A quiet icon of the Côte d’Azur, la Colombe d’Or is something of an oddity—a hotel where guests mingle with works by Calder, Chagall, Matisse and Delaunay.  Constance Ayrton pays a visit.

The town of Saint-Paul de Vence is just a thirty-minute drive from Cannes, though it might as well be a century away. I arrive as the film festival down the coast wheezes toward its finale. From the taxi window, I watch the Croisette shuffle by in slow motion – film publicists, journalists and producers all dragging their fatigue like a third suitcase. As we ascend into the hills, the noise fades. The road curls toward the sky, and by the time we reach the village, the air has gone soft. 

I’ve come to stay at La Colombe d’Or, the village’s main hotel, nestled between the pétanque square and the old town. Now a quietly iconic institution, it began in the 1920s, when Paul Roux and his wife, Baptistine, opened a café-restaurant that soon grew into a three-room inn. It was modest in size but magnetic in spirit.
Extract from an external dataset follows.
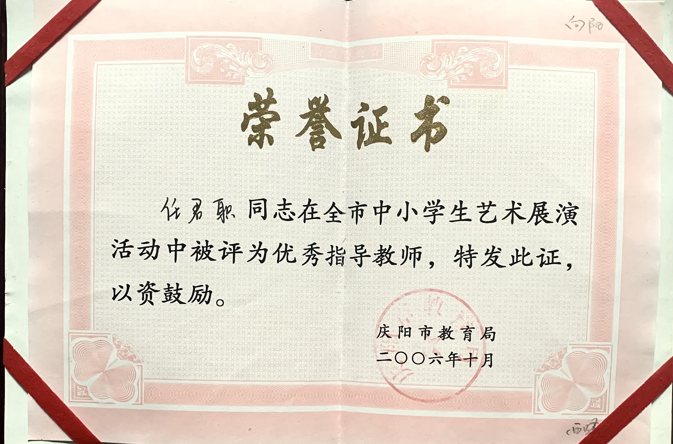 2006年在全市中小学生艺术展演活动中被评为优秀指导教师;

Roux, a painter himself, quickly formed friendships with local artists, offering food and lodging in exchange for their work. Dufy, Signac, and Soutine were among the first. Before long, La Colombe had transformed from a humble inn into a gathering place for painters drawn to the light and magic of Provence. Roux even put up a sign that read: “Ici, on loge à cheval, à pied ou en peinture!” — “Lodgings for man, horse, or painter!”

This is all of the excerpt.